**MATERIAL SUPPLIED**
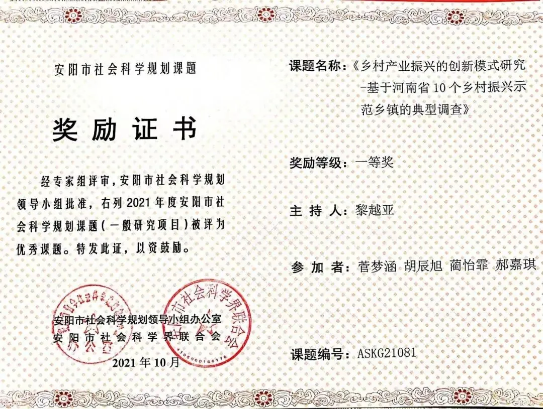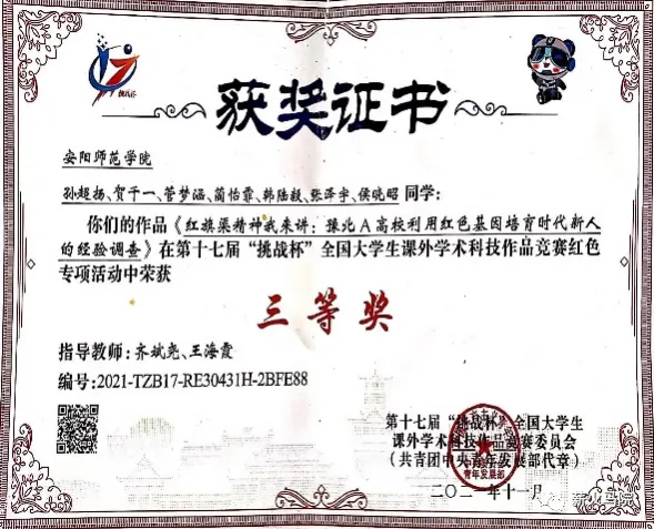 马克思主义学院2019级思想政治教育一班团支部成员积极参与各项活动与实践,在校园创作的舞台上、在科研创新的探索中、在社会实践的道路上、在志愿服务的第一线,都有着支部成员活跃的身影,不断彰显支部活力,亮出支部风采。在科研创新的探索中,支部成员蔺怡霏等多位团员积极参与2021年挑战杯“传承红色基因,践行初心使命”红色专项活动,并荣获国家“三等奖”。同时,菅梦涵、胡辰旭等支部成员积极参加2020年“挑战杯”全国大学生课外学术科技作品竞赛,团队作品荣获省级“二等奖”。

...

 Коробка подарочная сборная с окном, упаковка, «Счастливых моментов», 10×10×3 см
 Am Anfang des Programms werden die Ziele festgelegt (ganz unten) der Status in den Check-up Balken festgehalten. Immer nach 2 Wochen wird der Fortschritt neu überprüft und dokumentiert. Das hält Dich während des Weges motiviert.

**DIRECTIONS**
Among the lines above, repeat exactly those from the line with "Коробка подарочная сборная" to the line with "Am Anfang des", counting both ends.

**EXERCISE SOLUTION**
 Коробка подарочная сборная с окном, упаковка, «Счастливых моментов», 10×10×3 см
 Am Anfang des Programms werden die Ziele festgelegt (ganz unten) der Status in den Check-up Balken festgehalten. Immer nach 2 Wochen wird der Fortschritt neu überprüft und dokumentiert. Das hält Dich während des Weges motiviert.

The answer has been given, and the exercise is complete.